Gli amori platonici, soprattutto quelli che profumano di giovinezza, rappresentano per chi li serba nei suoi ricordi una sorta di opera incompiuta, la più emozionante che una persona possa aver creato. Amori che per restare intatti nel ricordo, per non subire l'affronto del tempo che muta ogni cosa, devono essere lasciati nel passato, là dove sono nati, nella propria immaginazione. Senza sfiorire mai.
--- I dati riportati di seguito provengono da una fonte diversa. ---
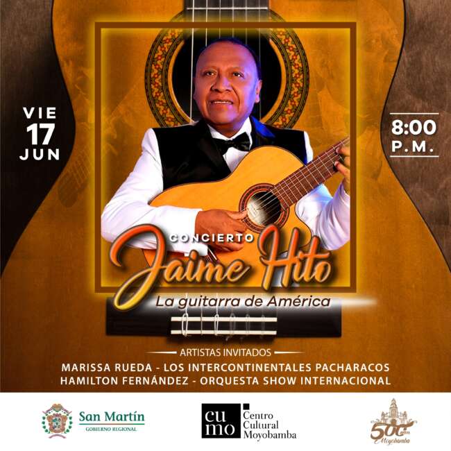La población de Moyobamba, se prepara para recibirlo al gran Jaime Hito, con todo el cariño y la algarabía selvática, el próximo viernes 17 de junio en el centro cultural (CUMO), a las 8 de la noche. Será una noche inolvidable de mucho romanticismo con valses, boleros y otros géneros musicales que serán cantados por otros artistas que acompañan a la guitarra de América, como: Los intercontinentales Pacharacos, Marissa Rueda, la voz al estilo de Carmencita Lara, Hamylton Fernández, el misterio del corazón, la orquesta show internacional de Pedro Balena y sus gatos, todo este espectáculo en homenaje a papá con música del recuerdo.

Gli amori non corrisposti si nutrono di gioia e di dolore. Vivono nel desiderio che si realizzi ciò che non si realizzerà mai, si nutrono di speranza e di illusione, di autoinganni della mente e del cuore, di occhi spalancati sul buio. Occhi che non vedono la realtà per quello che è ma la ricreano in ogni istante per adeguarla a ciò che si desidera di più. Amori che vivono di incertezza, di futuro prossimo che diventa remoto, persino di dubbio che, come scrive John Patrick Shanley, "può essere un legame tanto forte e rassicurante quanto la certezza" stessa. Perché il dubbio è quel meccanismo di difesa dell'io che serve a mascherare la consapevolezza della realtà, quella presa di coscienza che le cose d'amore non si possono condurre, dominare e prevedere. Gli amori non corrisposti si illudono pur sapendo, più o meno consciamente, che i fantasmi d'amore sono frutto della nostra immaginazione, sono nostre stesse creazioni. Scriveva la poetessa Alda Merini: 

Ho conosciuto in te le meraviglie
meraviglie d'amore sì scoperte
che parevano a me delle conchiglie
ove odoravo il mare e le deserte

spiagge corrive e lì dentro l'amore
mi son persa come alla bufera
sempre tenendo fermo questo cuore
che (ben sapevo) amava una chimera.


Quando gli amori si allontanano o iniziano a spegnersi, spesso continuano a vivere dentro di noi nutrendosi di quella nostalgia (dal greco νόστος 'ritorno' e άλγος 'dolore') che è passione dolente per l'impossibile ritorno. Ritorno di ciò che è stato. Di ciò che avremmo desiderato durasse per sempre.
Ma come ogni cosa mortale anche gli amori giungono alla fine. Si crea così una distanza incolmabile tra i due amanti perché come scriveva W. Somerset Maugham “sometimes the greatest journey is the distance between two people.” E allora per non farsi sopraffare dalla nostalgia e dal dolore, il viaggio deve ricominciare. Sempre. Verso nuove destinazioni.

É preciso recomeçar a viagem. Sempre.